A waitress: bra-less, black t-shirt, black pants, black flats, Dutch accent; brought me a menu and walked away. I had enough money for a plain turkey sandwich and a beer.
Her pen on a pale green lined pad recorded my request and I asked, "If it's possible, would you ask the cook to heat it a little for me." She smiled and said she would.
I was broke, but I'd be damned if I'd be poor. Even a forced faith in preserving personal tradition is the dignity that one pays to oneself. There would be tomorrow. Someone would need something. That meant another meal. The marginal money of Manhattan is the matrix of its culture. That is not why artists come to New York, but it is what allows them to stay.
The kitchen door sprang open in response to a choreographic hip thrust precisely practiced by seasoned waitresses. She was carrying a tray: a large plate stacked with steaming turkey, mashed potatoes, gravy, string beans, and squash; small plates, one with an array of breads and butter and the other with a salad: a small bowl with homemade cranberry sauce; and a piece of pumpkin pie with a daub of whipped cream.

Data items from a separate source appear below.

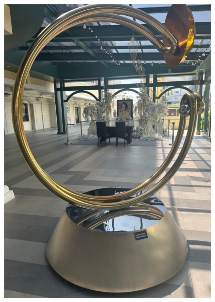 Stop #4: We journeyed back to Bangkok and stopped at the Old Siam Plaza, a shopping mall in Wang Burapha, a historic neighbourhood. Throughout Bangkok, displays to honour the recently deceased Queen Mother were evident. At the shopping centre, a book for offering tributes was present.
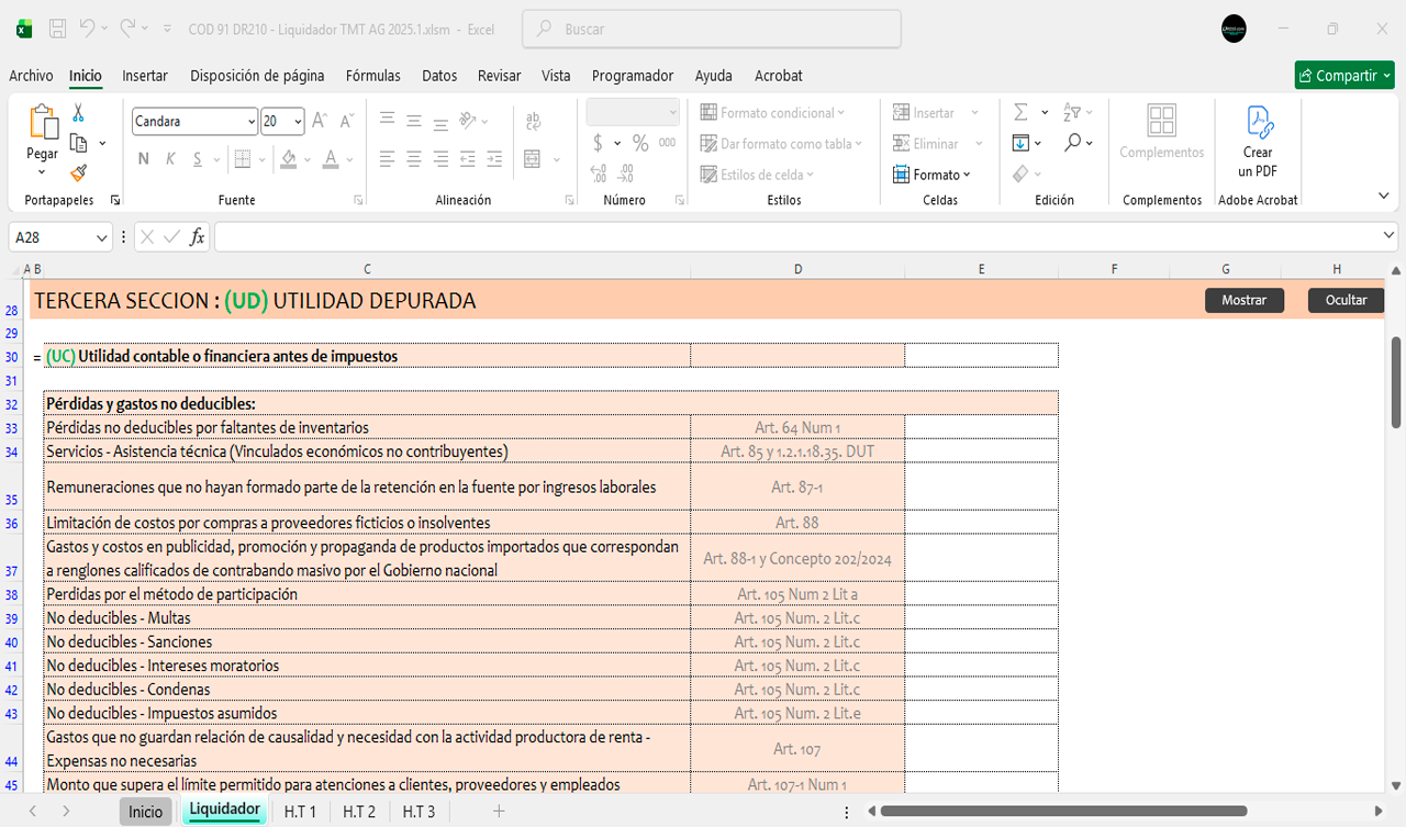 Nota: Tener presente que no es compatible con OpenOffice, LibreOffice, Google Sheets, Excel Online, One Drive u cualquier otro software diferente a Microsoft Excel, dado que nuestros liquidadores contienes macros, los cuales funcionan exclusivamente en Microsoft Excel.
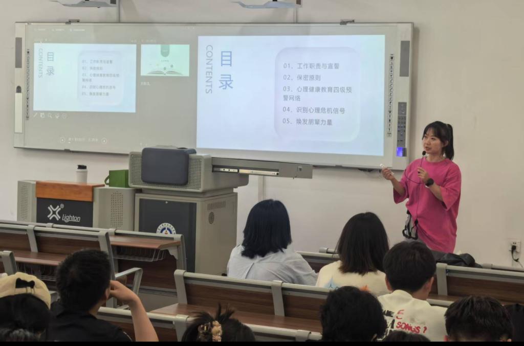 宿舍是学生日常生活的重要场所,宿舍心理委员能够及时发现并干预同学的心理问题,对于营造健康、和谐的校园氛围具有关键作用。此次培训内容丰富多样,涵盖了宿舍信息员工作职责、保密原则、识别心理?;藕诺任甯龇矫?,重点讲述了常见心理问题的识别方法,通过实际案例分析,帮助宿舍心理信息员们从言语、行为、情绪等方面判断同学是否存在心理困扰的技巧,指导宿舍心理信息员在与同学交流时如何建立信任关系,更好地理解同学的内心感受。
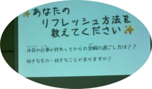 午後は、主に知的障害の方を対象に「あなたの休日の過ごし方・リフレッシュは?」と題して有給休暇のしくみや休みたい時に会社でどのように伝えるか?など休み方について、スライドを使いながら確認しました。茶話会では、リフレッシュの方法については一人ひとりがスポーツや旅行、カラオケなど様々な方法を発表し、参加者がお互いの話を楽しそうに聞いていたのが印象的でした 。
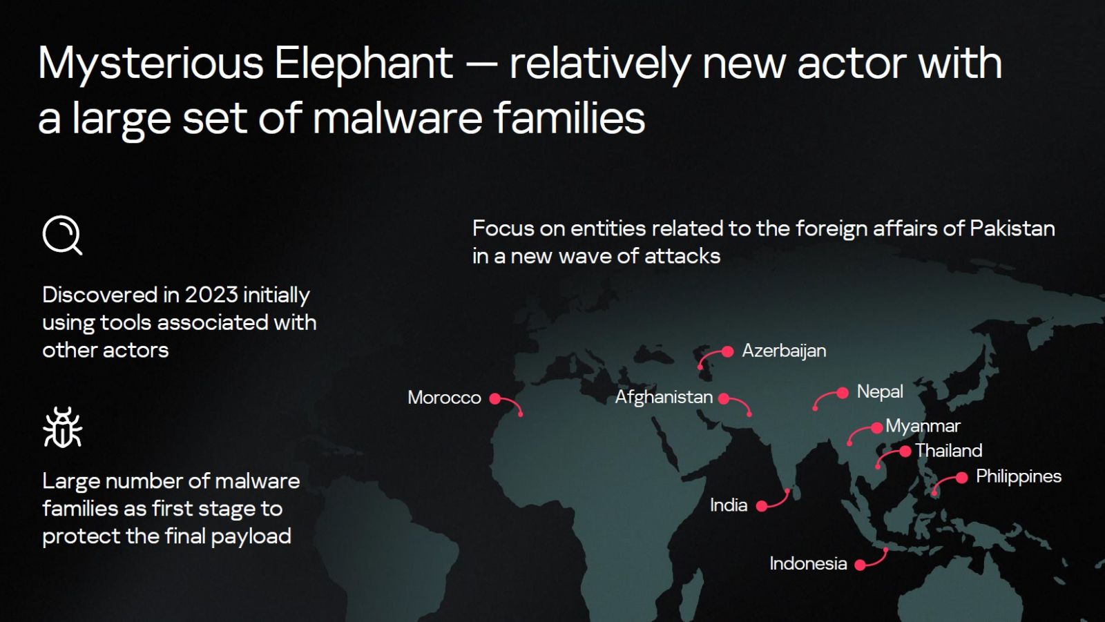 - Mysterious Elephant – แคสเปอร์สกี้ตรวจพบกลุ่มนี้ครั้งแรกในเดือนพฤษภาคม2023กลุ่มนี้ใช้แบ็กดอร์ตระกูลใหม่ที่สามารถสั่งการและจัดการไฟล์อย่างลับๆโดดเด่นและบางครั้งก็ซ้อนทับกับเทคนิคของAPT เช่นDropping Elephant, Origami Elephant, Bitter, Confucius และSide

She walked to my table. Flashes of novacained numbness strobed over my face, stomach, hands, and then focused on my throat. Speechless. I looked up, but her face was blurred by pools of tears urgently being blinked away. She was smiling. She returned in a few minutes with the beer and the check: one turkey sandwich, one beer. The cook came to the door. A heavy set, short Asian man. We shared a single nod.
I remember eating that meal as well as I remember my own name and it is one of the reasons why I created The Night/Light Fund.
This is my America. This is my Manhattan. This is my family.